Records supplied ->
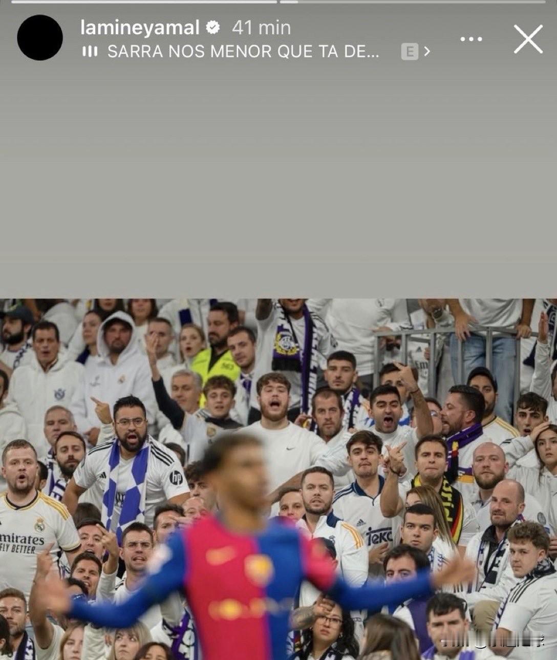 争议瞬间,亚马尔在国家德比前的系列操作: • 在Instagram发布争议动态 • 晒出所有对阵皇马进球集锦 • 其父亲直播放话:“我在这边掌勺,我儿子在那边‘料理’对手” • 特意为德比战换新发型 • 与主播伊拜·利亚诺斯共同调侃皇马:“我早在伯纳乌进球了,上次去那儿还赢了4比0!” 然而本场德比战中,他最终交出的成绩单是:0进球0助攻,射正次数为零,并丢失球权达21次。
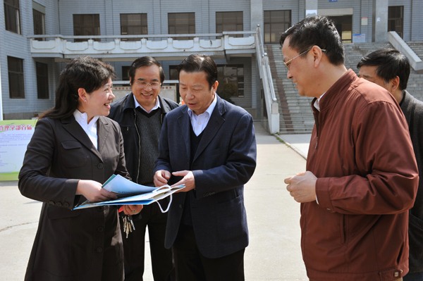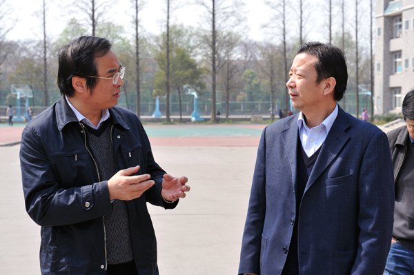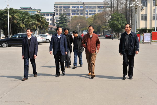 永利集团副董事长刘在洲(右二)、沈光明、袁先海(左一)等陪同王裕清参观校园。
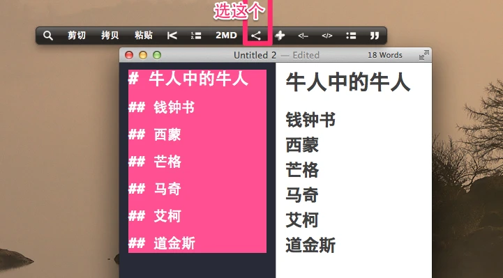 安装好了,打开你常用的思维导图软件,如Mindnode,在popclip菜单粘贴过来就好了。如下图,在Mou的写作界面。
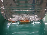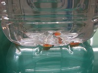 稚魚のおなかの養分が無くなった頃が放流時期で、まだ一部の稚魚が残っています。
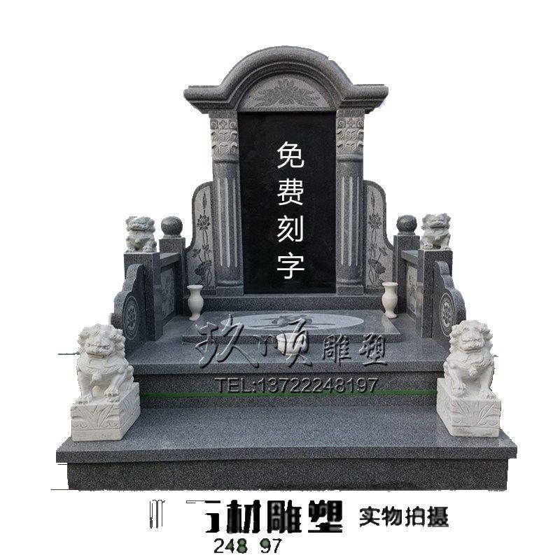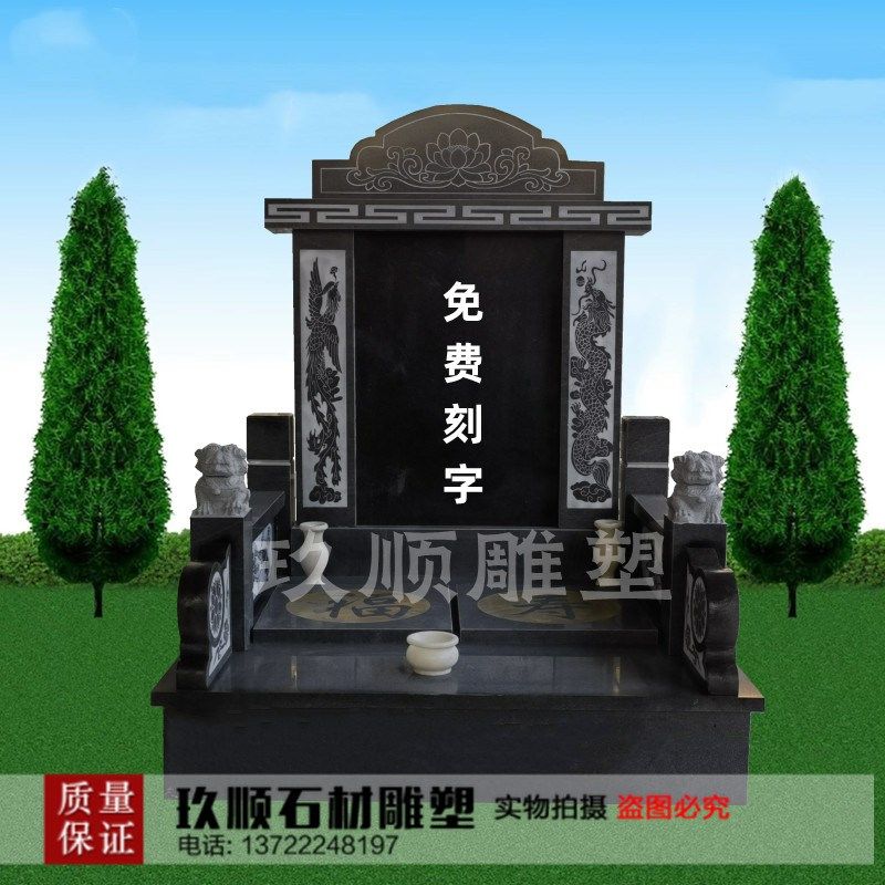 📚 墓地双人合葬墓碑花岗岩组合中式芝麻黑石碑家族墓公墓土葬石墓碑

Aim of the task -> Your copy must begin at the line containing "永利集团副董事长刘在洲(右二)、沈光明、袁先海(左一)等陪同王裕清参观校园。" and end at the last line of the material above. Reproduce each line exactly, but not the pictures.

Solution for this task ->
 永利集团副董事长刘在洲(右二)、沈光明、袁先海(左一)等陪同王裕清参观校园。
 安装好了,打开你常用的思维导图软件,如Mindnode,在popclip菜单粘贴过来就好了。如下图,在Mou的写作界面。
 稚魚のおなかの養分が無くなった頃が放流時期で、まだ一部の稚魚が残っています。
 📚 墓地双人合葬墓碑花岗岩组合中式芝麻黑石碑家族墓公墓土葬石墓碑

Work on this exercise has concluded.